EECS technical reports

Conditions of Use

Archive Home Page

Parallel Layout Engines: Synthesis and Optimization of Tree Traversals

Meyerovich, Leo
Technical Report Identifier: EECS-2013-242

Abstract: Mobile web browsers and data visualization tools require a performance boost. Parallelization poses an opportunity because commodity computers feature fast and energy-efficient multicore, subword-SIMD, and GPU hardware. However, layout engines in both browsers and visualizations have resisted parallelization thus far. This thesis introduces techniques for parallel computing over trees and applies them to generating layout engines. Our solution is twofold. First, we show how to specify layout languages in the attribute grammar model of constraints over trees. Second, we address outstanding challenges in parallelizing attribute grammars and computations over trees.

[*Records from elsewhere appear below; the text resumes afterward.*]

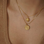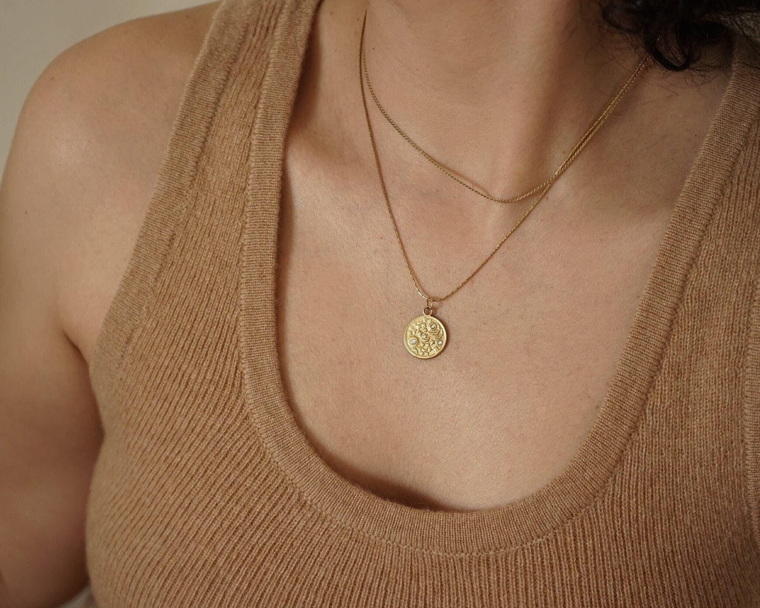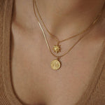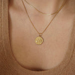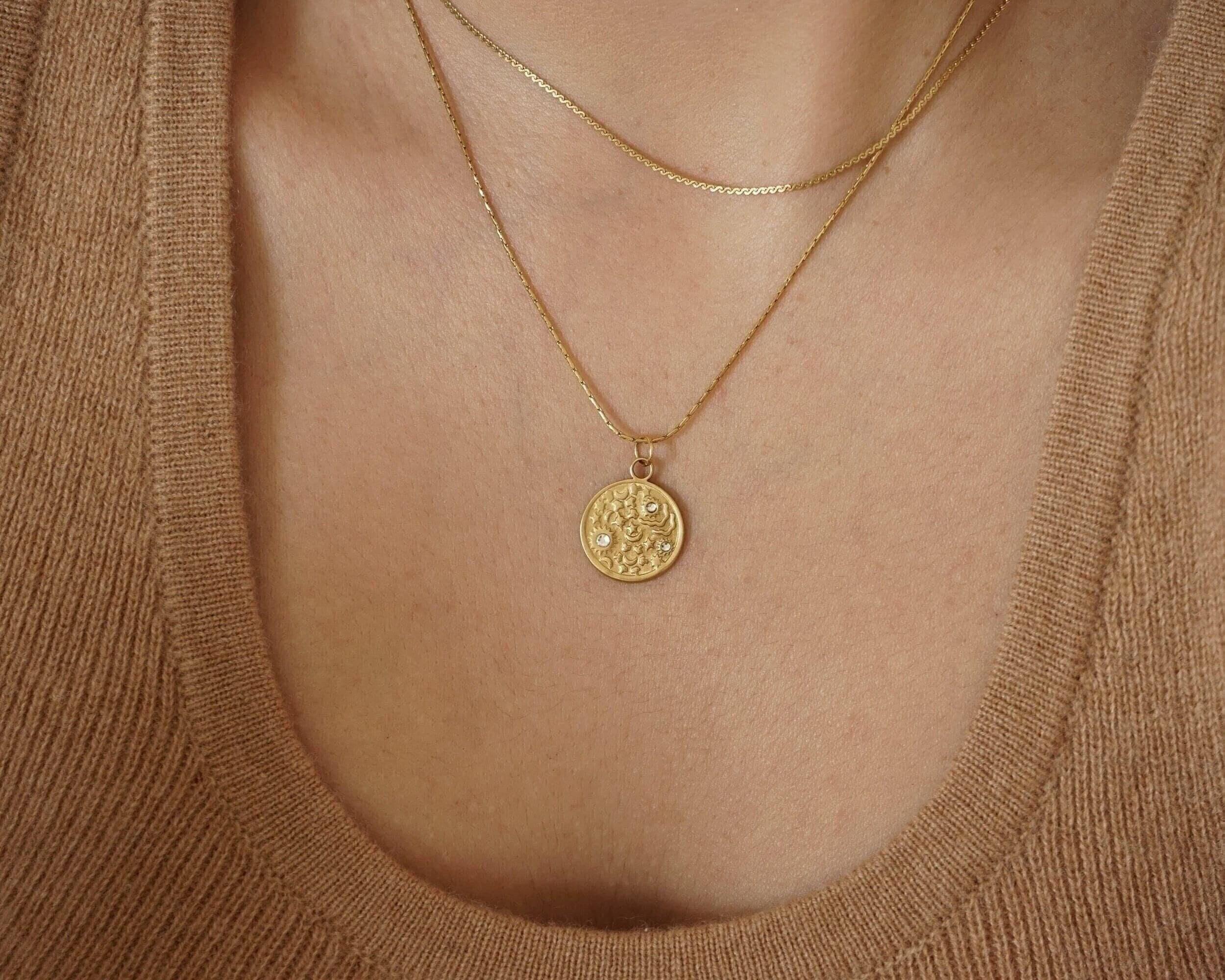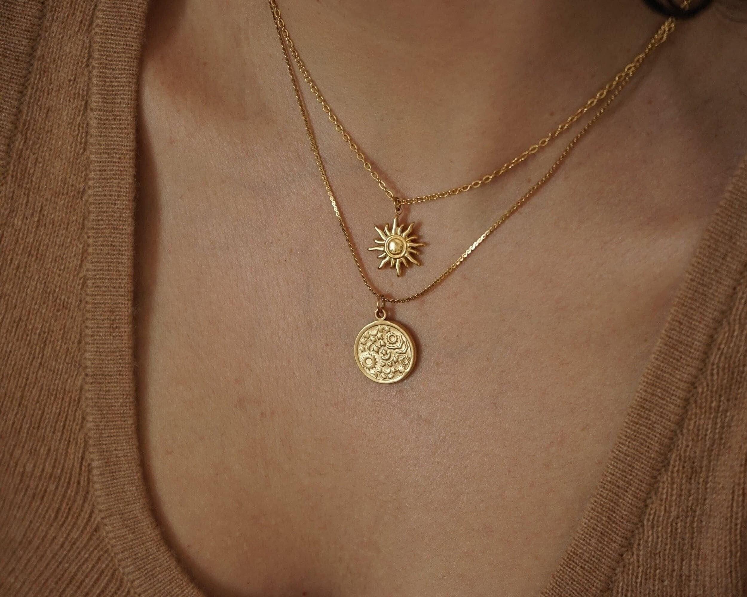 It's a unique gold stainless steel engraved SKY round pendant, with or without crystals. These materials remain beautiful and do not wear off. They are tarnish-free and waterproof. The biggest trend in the fashion world right now dictates multi-layer necklaces. Chains and links of all sizes are a big trend on the runway and on the street for this season. Styling that mingles thick and thin chains and beads creates a refined modern look. Invest in a statement piece that can take you through the seasons and complement every outfit.
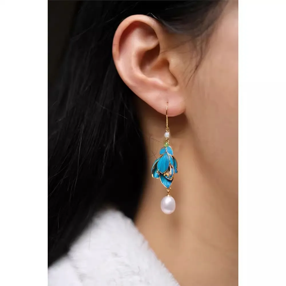 衣都精品- 新款復古傳統古典景泰藍琺瑯流蘇耳環
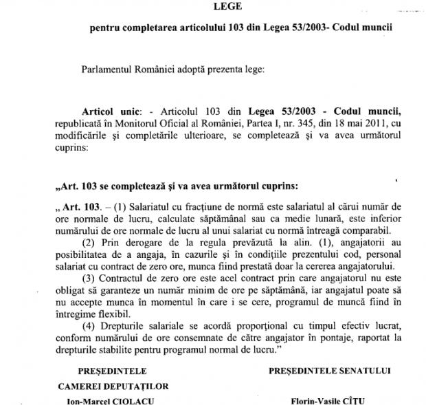 Mai mulți senatori PSD, Azamfirei Leonard, Ion Rotaru și Alfred-Laurențiu-Antonio Mihai, au inițiat un proiect prin care ar putea introduce în Codul Muncii un nou tip de contract de muncă, numit „contractul de zero ore”.

Our resulting attribute grammar compiler generates layout engines for various layout languages and parallel hardware. We provide several individual contributions: * We specify the functional and parallel behavior of common layout language primitives. * We present a language for scheduling parallel tree traversals and a static verifier for ensuring a schedule will solve the attributes of an arbitrary layout in a safe order. * We introduce a parallel programming model where programmers may partially specify the parallel schedule and call an optimizing synthesizer to complete the schedule. * We design a scheduling algorithm that is fast and modular over scheduling constructs. * We optimize tree traversals for SIMD hardware by automatically staging dynamic memory allocation and clustering diverging tasks. * We optimize parallel tree traversals for MIMD architectures through a load-balancing heuristic that approximates work stealing. To evaluate our approach, we present two case studies. First, we generated the first parallel webpage layout engine that can for the most part render complex sites such as Wikipedia. Second, we generated interactive data visualizations that support up to 1,000,000 data points in real-time. Both case studies have been further validated industrially.